Development of parks and gardens have contributed to a 50% decline in some areas, the HogWatch survey suggests.

Nearly 20,000 people took part in the two-year survey, making it one of the largest of its kind, organisers said.

The survey was carried out by the University of London for the People's Trust for Endangered Species and the British Hedgehog Preservation Society.

The data gathered by the volunteers allowed the research team to develop a better understanding of the small mammals' nationwide distribution.

They said that the study revealed an east/west divide, with more hedgehogs spotted in eastern regions.

Badger theory

Commenting on the findings, study co-ordinator Paul Bright from Royal Holloway, University of London, said: "Increasing urbanisation and tidier gardens are pushing hedgehogs out from the places where most of us live.

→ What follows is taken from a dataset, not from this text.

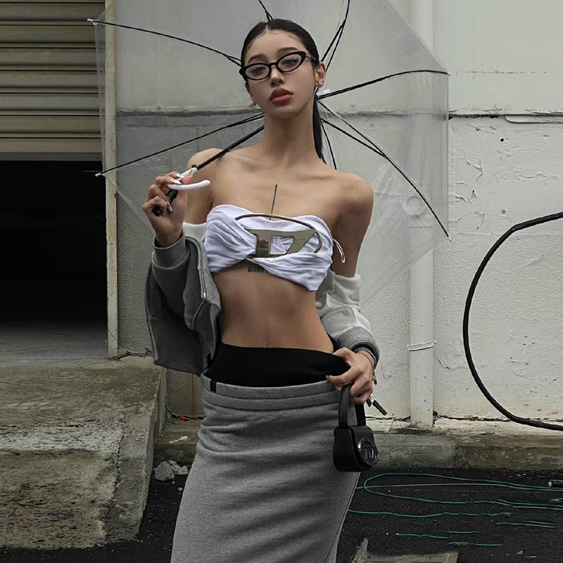 KLIOU 美式辣妹风个性镂空银色抹胸背心女短款显瘦高腰露脐上衣潮

Distribution of hedgehogs in the UK

"In the wider countryside, landscapes that have smaller fields appear better for hedgehogs," Dr Bright added.

As well as development in urban areas, an increase in the number of badgers (which eat hegehogs) has been linked to the decline.

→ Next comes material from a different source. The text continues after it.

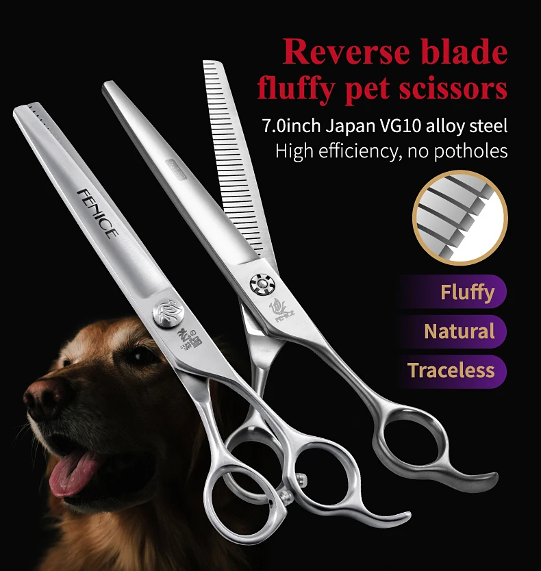 Fenice 7 inch VG10 Pet Dog Grooming Scissor Reversed Tooth Fluffy Thinning Hair Dog Clipper Scissors tijeras tesoura Rate 50-55%

However, Hugh Warwick of the British Hedgehog Preservation Society said the jury was still out on that hypothesis.

"Hedgehogs and badgers have co-existed for millenia, and still live side-by-side... and where the decline in hedgehogs is highest, there are fewer badgers," he said.

"It seems likely that the way we have altered the environment is at the heart of the problem."

The team said the two-year project had provided them with possibly the largest distribution dataset for a single species over a short period of time.

Dr Bright and his team plan to use the results to compare current hedgehog distribution in Greater London with data from the 1960s.